Author's Note: Here I am, in June, in Florence, in our tiny unit, writing about the Duomo.
Photo credit: Neil Creighton
You come upon it suddenly, meandering through narrow streets, past beige, time-coated buildings, turning down the curve of Via de’ Martelli, casually drawing near to the street’s end and then you gasp. You come upon it unprepared, seeing at first only the soaring facade and the enormity of its tower, but turning into Piazza del Duomo you see its length, the immensity of its domes, and again you gasp. You come upon it in amazement, seeing it as glistening white marble with geometric patterns in pink and green, embroidered, scrolled, balanced, harmonious, exquisite in scope and detail, and again you gasp.
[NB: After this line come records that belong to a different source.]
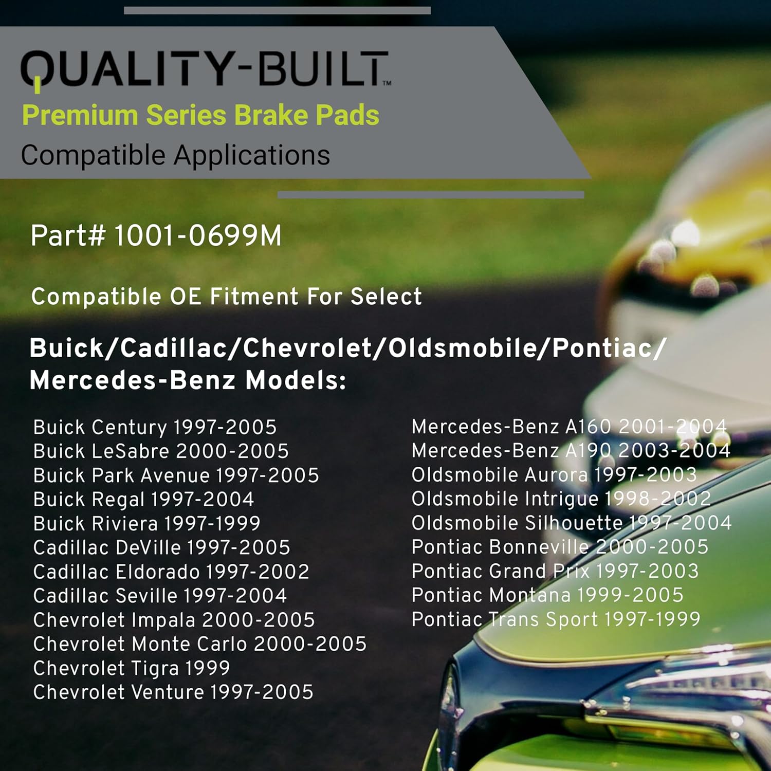 Premium Semi-Metallic Front Brake Pads (1001-0699M) Compatible with 1997-2005 Buick/Cadillac/Chevrolet/Mercedes-Benz/Pontiac (Bonneville/Century/DeVille/Eldorado/Grand Prix & More)
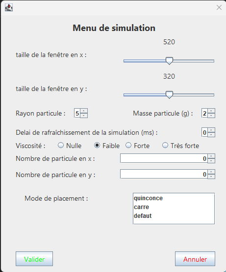 - Interface Utilisateur (UI) : Image du menu de paramétrage du simulateur.
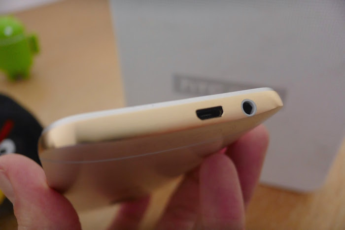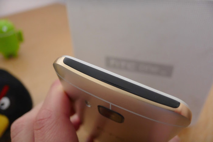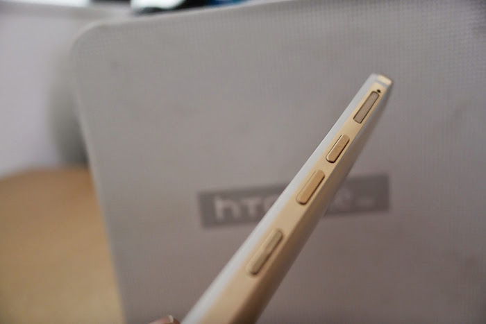Une fois que je m’y suis habitué, le rebord n’a pas été trop ennuyeux. Il semble tout aussi attrayant avec les deux tons, argenté et or. HTC a utilisé un double processus d’anodisation pour obtenir les deux teintes métalliques : l’or sur les bords et l’argent à l’arrière. Le rebord est également en argent, tout comme les grilles de haut-parleur en haut et en bas du smartphone. Le look en deux tons est très élégant et ajoute beaucoup de style, sans dénaturer l’appareil.

You come to it in awe, its front a composition in threes: three great doors rise in elegant curves; above them three circles spoked like sunbeams; always the one in the center is highest or largest and you think you understand. You come to its details: complex, embroidered patterns in stone; paintings in colored stone above each door; lines of sculptured figures in porticoes of blue and circular inlays glinting with gold and you feel overwhelmed. Perhaps later you will walk through the doors and again feel its power and artistry, or you will climb the narrow stairwell to the dome’s dizzying height but now, in this first sudden moment you are overcome by its beauty and, dimly realizing its complex grandeur, praise the vision that conceived it, the capabilities that built it, the artistry that embellished it, the materials that adorn it and you stop, stand still, and stare.